- Active: 1968 - Present
- Country: China
- Allegiance: Chinese Communist Party
- Branch: People's Liberation Army Ground Force
- Type: Mountain troops
- Size: Brigade
- Part of: Tibet Military District
- Garrison/HQ: Nyingchi, Tibet

= 53rd Mountain Motorized Infantry Brigade =

Brigade of the People's Liberation Army

The 53rd Army Division () was formed on February 15, 1968, from Tibet Unit 843, and 153rd, 4th and 3rd Regiment of Tibet Military District.
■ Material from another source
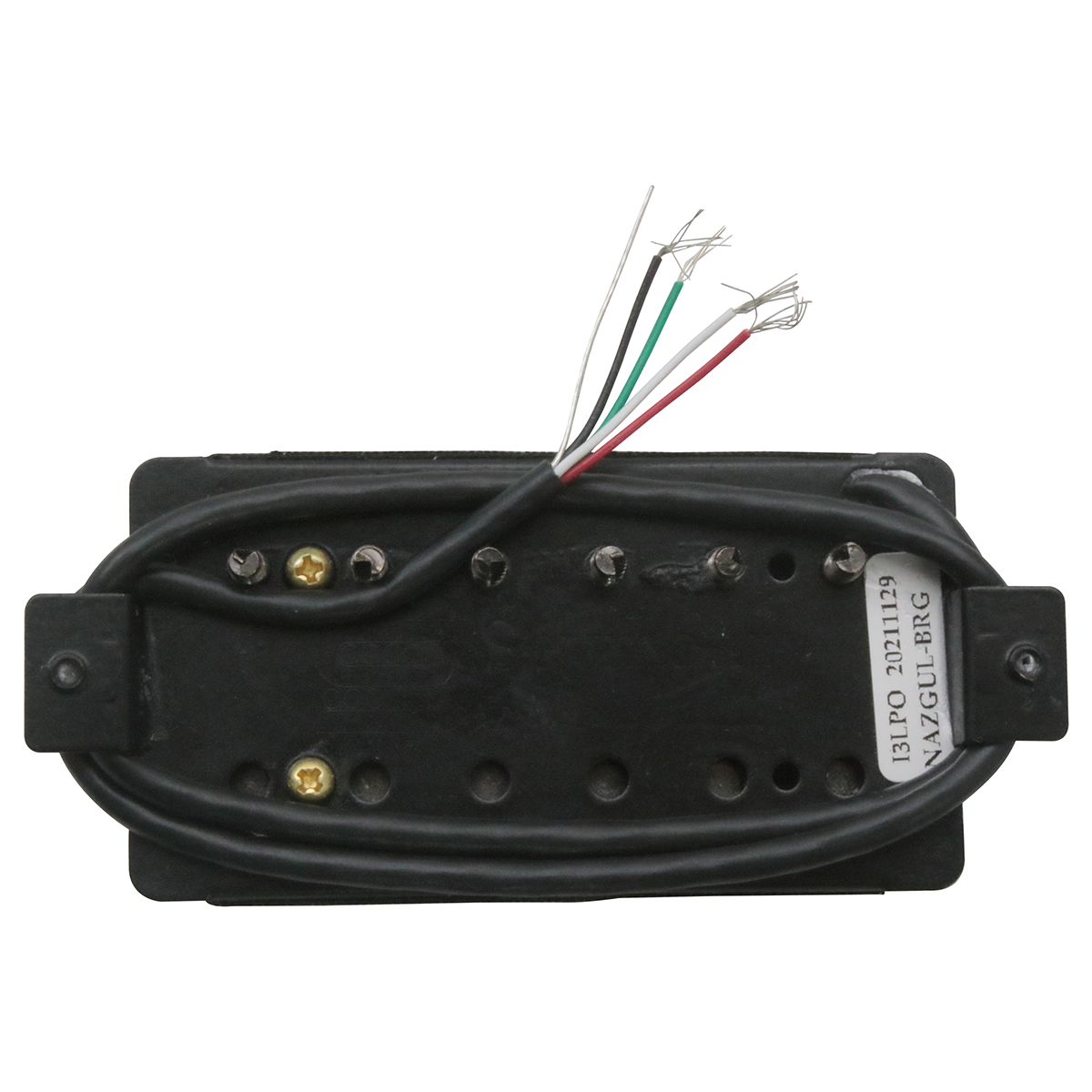 Pastilla humbucker para guitarra eléctrica de 6 cuerdas, modelo Nazgûl, posición: puente, cableado: 4 conductores, tipo: pasivo, imán: cerámica, espaciado estándar, color negro, resistencia: 13.6 kilo-ohms, forjada para sondear la más profunda de las afinaciones de metal, agudos abrasadores, medios chirriantes y graves ajustados que definen el sonido del metal moderno.

At its formation the division was composed of:
- 157th Infantry Regiment (former 153rd);
- 158th Infantry Regiment (former 4th);
- 159th Infantry Regiment (former 3rd);
- 310th Artillery Regiment.

The division has been stationed in Nyingchi, Tibet since its formation.

In December 1969 its 310th Artillery Regiment was renamed as Artillery Regiment, 53rd Army Division.

On September 24, 1985, the division was reduced and renamed as the 53rd Mountain Motorized Infantry Brigade (), a Motorized Infantry Brigade of High Altitude.

In 2017 the brigade was re-organized as the 53rd Mountain Combined Arms Brigade ().